Yeah. When I have nothing else going on, this is feasible--I read 9 books in January. When I'm doing a lot of stuff (putting in a new garden, writing crazy stuff every day, working out, volunteering with the kids, etc.)--not so much. I stopped logging the books I was reading in February, which makes this kind of tough. Here's the (mostly complete, I think) list of what I've read so far, not including graphic novels or long runs of comic books, which I think are probably fudging the goal too much.
Nonfiction [6]
- The Last Opium Den by Nick Tosches
- Buddhism: A Very Short Introduction by David Keown
- Hinduism: A Very Short Introduction by Kim Knott
- Clausewitz: A Very Short Introduction by Michael Howard
- Shadow Cities: A Billion Squatters, A Urban New World by Robert Neuwirth
- Asperger Syndrome and Difficult Moments by Brenda Smith Myles and Jack Southwick
- Year's Best Science Fiction 25th Annual Collection, edited by Gardner Dozois
- The Golden Age by John C. Wright
- The Phoenix Exultant by John C. Wright
- The Golden Transcendence by John C. Wright
- Gridlinked by Neal Asher
- Newton's Wake by Ken Macleod
- Matter by Iain M. Banks
- The Last Colony by John Scalzi
- The Steel Remains by Richard K. Morgan (reviewed this on Amazon)
- The Dog Said Bow-wow by Michael Swanwick
- Primetime Adventures by Matt Wilson
- Suppressed Transmission, Vol. 1 by Ken Hite
- Suppressed Transmission, Vol. 2 by Ken Hite
I'm only counting nonfiction and gaming books if I read the entire thing--I've been referencing a few of them pretty heavily recently but haven't gone cover to cover yet.
Seems like my reading pace has slowed a lot the last two months, so 50 books for the year is a much more reasonable goal than 100 was. On the other hand, I'm less than a pound away from my six-month weight loss goal.

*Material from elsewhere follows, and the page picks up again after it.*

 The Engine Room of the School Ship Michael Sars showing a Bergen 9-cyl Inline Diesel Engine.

Then again, I don't know how to count my progress toward my writing goal. As written, it says:
(1) Write for 500 hours or more. Only fiction writing counts toward this goal, and writing about a fictional setting does not count toward meeting this resolution. Only writing actual story scenes, narrative, description, or plots qualify. Try to write stories or chapters, but focus on writing something.Well, I've written a lot, but much of it is for my web site, and much of it is more or less setting. So I imagine I'm way behind this goal as I originally structured it. Though I have been writing for an hour or so a day for a good while now.
4 comments:
For the book goal, I think it's a great thing and 100 was just too much, so make a new goal and declare victory. Also it might help to think of it in terms of books-per-month rather than the whole year.

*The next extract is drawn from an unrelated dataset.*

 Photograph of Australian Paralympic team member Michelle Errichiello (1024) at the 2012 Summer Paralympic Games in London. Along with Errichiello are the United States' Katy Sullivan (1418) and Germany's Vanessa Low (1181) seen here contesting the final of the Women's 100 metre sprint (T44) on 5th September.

For the writing goal, 500 hours for the year? Is that what you mean? I guess I have the same reaction, same advice..."500 hours for the year" would antimotivate me. Hmm, that's 1.37 hours a day. So really what you want is to write >1 hour per day? Here are some alternative formulations: Write every day + and 3 >1hr sessions per week; Write 1 hour every day, plus 2 extra hours per week (that's 468hrs). You might try getting in 2 45minute sessions per day, too. But I think some kind of tracking is what's missing. I like a very forgiving system that gives me leeway, because in terms of motivation, that's much better than beating yourself up against some hard requirement.
I don't see why I'd need to be troubled to enjoy tormenting you.

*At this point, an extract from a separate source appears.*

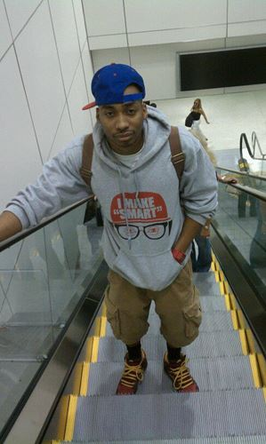 A photo of Prince Ea I took at the airport

As far as the books per year, yeah, I'm thinking a goal of about five books per month, or 60 per year, would still be challenging and worthwhile.
Here's the thing about the writing goal: I go through stretches where the weather prevents much work in the yard and I've got no freelance work going on. At those times I can write 3-4 hours a day. But when I am freelancing, it is VERY hard to write each day. So the overall 500 hour goal was actually pretty reasonable and probably close to what I did last year--the real key was trying to focus that writing in specific ways. If I threw that requirement out the window I'd be keeping up with this goal as well.
Working out daily is a goal I can handle well and I keep logs to measure it. For some reason writing is harder for me to track. I should probably put more effort into it. But it tends to bum me out because I don't know how to categorize what I write the way I can categorize my exercise. I mean, do I count all the work I did writing up descriptions of imaginary superteam missions and noting how the panels were laid out in the non-existent comics that related them? How about the various alien recreational activities I've mapped out for the species I've created?
I don't know what those things are. I just like to do it.